Assignment>
Across the entries below, tally every line that holds the word "people". Give only the tally.

═════ Provided data

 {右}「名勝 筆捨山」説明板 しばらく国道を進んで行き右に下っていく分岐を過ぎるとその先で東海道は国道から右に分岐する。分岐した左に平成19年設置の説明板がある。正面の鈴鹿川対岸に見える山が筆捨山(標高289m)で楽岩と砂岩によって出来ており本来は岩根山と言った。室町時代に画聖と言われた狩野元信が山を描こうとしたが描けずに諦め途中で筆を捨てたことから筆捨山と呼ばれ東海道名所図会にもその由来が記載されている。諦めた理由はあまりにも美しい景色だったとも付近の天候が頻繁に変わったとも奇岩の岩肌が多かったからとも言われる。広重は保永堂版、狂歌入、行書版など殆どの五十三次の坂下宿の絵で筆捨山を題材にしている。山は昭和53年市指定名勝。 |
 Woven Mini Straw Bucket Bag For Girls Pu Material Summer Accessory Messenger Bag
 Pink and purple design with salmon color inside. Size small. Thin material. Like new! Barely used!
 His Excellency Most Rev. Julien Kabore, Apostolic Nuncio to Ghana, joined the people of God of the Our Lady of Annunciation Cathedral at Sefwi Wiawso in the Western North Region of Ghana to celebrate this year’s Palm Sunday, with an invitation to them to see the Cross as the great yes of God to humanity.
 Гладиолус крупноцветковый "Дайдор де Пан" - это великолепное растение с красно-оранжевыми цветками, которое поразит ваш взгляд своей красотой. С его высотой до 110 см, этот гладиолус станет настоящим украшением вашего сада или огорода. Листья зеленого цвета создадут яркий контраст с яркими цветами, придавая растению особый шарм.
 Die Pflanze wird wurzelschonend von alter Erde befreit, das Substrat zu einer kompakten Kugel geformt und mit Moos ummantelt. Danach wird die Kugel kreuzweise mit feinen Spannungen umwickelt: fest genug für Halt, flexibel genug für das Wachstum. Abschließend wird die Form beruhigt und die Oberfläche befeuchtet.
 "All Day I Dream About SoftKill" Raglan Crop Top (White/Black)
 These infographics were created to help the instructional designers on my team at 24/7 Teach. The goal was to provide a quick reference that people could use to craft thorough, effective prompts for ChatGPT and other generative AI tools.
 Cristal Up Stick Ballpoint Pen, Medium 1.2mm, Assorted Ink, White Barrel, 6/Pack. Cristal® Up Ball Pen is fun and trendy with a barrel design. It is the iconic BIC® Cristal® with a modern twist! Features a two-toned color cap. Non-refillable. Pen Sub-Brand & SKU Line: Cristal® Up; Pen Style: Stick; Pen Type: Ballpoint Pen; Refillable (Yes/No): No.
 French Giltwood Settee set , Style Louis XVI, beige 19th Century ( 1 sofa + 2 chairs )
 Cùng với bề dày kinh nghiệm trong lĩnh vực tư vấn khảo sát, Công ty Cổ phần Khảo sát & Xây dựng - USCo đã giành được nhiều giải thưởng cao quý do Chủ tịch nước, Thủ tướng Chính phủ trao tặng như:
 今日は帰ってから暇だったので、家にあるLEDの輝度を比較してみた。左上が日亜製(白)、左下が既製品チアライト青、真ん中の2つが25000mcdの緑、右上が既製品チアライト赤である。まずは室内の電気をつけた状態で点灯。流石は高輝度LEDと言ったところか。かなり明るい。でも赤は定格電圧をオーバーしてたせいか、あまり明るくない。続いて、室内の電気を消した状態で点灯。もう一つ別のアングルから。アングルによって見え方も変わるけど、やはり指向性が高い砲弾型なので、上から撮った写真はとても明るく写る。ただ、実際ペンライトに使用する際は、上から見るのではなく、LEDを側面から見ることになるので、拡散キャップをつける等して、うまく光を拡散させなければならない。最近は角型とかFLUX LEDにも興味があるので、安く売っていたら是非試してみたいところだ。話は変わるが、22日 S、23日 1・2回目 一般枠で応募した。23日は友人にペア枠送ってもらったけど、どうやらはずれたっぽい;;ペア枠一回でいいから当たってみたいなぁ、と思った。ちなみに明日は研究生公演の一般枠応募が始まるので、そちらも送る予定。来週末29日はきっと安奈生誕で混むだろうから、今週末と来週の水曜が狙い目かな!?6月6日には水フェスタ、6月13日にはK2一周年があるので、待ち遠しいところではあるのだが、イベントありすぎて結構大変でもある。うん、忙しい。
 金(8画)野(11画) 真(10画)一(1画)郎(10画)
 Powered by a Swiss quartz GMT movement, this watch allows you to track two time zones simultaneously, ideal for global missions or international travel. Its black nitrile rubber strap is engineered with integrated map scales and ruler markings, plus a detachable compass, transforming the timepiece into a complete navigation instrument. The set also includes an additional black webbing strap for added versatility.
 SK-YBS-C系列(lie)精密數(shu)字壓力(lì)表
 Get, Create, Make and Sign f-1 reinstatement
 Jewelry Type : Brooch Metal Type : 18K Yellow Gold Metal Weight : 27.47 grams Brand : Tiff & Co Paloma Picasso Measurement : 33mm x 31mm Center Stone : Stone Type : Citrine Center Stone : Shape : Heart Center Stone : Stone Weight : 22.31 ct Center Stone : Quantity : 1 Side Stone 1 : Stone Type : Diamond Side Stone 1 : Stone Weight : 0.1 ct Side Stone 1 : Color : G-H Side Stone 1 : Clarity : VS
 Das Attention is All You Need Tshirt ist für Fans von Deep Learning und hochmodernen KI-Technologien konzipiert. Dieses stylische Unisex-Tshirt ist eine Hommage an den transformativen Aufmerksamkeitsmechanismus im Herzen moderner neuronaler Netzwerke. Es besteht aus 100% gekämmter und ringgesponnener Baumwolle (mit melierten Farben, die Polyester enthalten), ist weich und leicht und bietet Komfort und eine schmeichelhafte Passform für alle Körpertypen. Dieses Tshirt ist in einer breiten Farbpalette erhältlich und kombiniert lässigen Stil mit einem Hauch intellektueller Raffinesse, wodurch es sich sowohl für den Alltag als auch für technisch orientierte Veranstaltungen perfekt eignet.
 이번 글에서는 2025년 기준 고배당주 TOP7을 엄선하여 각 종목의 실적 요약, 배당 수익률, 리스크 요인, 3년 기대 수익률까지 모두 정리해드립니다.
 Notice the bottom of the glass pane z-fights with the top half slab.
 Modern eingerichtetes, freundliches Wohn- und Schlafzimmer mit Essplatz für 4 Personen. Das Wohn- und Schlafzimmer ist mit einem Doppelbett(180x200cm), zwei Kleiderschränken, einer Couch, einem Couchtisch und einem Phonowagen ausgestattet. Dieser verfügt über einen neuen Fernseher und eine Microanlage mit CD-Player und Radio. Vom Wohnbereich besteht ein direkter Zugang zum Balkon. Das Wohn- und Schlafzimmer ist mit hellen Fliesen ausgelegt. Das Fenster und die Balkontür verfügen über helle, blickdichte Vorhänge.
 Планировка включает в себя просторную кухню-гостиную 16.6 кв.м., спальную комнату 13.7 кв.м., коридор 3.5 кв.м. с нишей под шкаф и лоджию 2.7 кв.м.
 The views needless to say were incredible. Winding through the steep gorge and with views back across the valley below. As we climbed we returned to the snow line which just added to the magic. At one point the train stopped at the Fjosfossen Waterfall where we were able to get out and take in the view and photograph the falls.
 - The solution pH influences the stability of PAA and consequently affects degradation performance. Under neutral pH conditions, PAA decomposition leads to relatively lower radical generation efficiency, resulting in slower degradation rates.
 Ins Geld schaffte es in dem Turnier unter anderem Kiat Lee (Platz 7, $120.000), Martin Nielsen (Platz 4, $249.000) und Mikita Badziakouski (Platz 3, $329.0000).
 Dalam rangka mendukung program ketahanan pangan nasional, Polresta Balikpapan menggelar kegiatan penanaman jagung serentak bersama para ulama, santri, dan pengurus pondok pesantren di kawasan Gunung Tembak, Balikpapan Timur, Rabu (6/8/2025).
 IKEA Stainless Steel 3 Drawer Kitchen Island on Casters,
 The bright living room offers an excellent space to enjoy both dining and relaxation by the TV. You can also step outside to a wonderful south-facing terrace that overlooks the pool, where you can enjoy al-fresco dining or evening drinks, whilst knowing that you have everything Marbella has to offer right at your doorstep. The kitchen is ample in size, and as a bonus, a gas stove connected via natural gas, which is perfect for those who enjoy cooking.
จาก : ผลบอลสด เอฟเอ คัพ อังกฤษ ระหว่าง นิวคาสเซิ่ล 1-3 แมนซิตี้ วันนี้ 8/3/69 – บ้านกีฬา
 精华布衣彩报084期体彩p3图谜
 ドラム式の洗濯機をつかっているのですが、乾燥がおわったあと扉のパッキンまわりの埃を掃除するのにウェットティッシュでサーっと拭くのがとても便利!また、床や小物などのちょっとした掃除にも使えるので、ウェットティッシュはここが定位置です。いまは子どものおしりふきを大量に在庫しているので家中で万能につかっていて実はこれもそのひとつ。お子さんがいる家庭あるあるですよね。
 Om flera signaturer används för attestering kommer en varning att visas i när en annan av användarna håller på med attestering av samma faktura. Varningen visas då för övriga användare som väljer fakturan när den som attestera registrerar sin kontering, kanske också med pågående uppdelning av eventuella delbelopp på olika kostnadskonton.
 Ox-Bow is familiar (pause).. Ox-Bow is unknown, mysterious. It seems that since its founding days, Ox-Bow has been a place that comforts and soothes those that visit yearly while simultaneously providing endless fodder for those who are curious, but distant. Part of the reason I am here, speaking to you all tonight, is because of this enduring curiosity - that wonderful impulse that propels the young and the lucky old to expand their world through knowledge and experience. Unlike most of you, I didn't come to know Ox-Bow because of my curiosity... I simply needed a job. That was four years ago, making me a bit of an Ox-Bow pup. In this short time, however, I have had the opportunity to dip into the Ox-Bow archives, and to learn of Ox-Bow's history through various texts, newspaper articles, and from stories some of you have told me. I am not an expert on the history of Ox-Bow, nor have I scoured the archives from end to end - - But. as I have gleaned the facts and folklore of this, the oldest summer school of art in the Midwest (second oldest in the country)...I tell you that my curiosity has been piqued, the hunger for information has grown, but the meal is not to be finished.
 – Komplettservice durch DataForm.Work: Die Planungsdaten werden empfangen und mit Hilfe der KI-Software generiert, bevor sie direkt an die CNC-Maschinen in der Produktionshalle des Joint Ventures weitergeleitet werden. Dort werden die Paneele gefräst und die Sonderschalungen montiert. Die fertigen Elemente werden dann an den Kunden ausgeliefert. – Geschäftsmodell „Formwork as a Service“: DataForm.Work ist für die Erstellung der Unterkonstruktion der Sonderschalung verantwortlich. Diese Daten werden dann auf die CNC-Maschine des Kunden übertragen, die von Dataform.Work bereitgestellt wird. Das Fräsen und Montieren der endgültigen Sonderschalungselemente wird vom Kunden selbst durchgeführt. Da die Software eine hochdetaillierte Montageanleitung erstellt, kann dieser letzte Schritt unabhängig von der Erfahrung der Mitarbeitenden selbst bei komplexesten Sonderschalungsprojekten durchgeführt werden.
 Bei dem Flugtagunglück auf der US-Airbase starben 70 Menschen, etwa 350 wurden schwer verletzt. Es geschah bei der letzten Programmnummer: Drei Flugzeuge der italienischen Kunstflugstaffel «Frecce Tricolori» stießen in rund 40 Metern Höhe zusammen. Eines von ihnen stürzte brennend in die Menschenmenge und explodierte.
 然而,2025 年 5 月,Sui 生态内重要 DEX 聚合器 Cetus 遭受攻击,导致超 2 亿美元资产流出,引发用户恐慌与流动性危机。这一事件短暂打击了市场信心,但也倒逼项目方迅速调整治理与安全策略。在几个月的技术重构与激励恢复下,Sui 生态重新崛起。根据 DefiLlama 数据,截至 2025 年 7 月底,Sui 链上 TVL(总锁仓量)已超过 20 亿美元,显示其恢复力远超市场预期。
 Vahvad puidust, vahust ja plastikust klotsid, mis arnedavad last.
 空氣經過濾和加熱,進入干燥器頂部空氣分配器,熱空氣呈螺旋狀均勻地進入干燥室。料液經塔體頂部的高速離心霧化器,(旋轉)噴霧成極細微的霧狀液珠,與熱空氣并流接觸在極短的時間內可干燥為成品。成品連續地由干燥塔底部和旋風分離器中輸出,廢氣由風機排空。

══════════

Output for this exercise>
2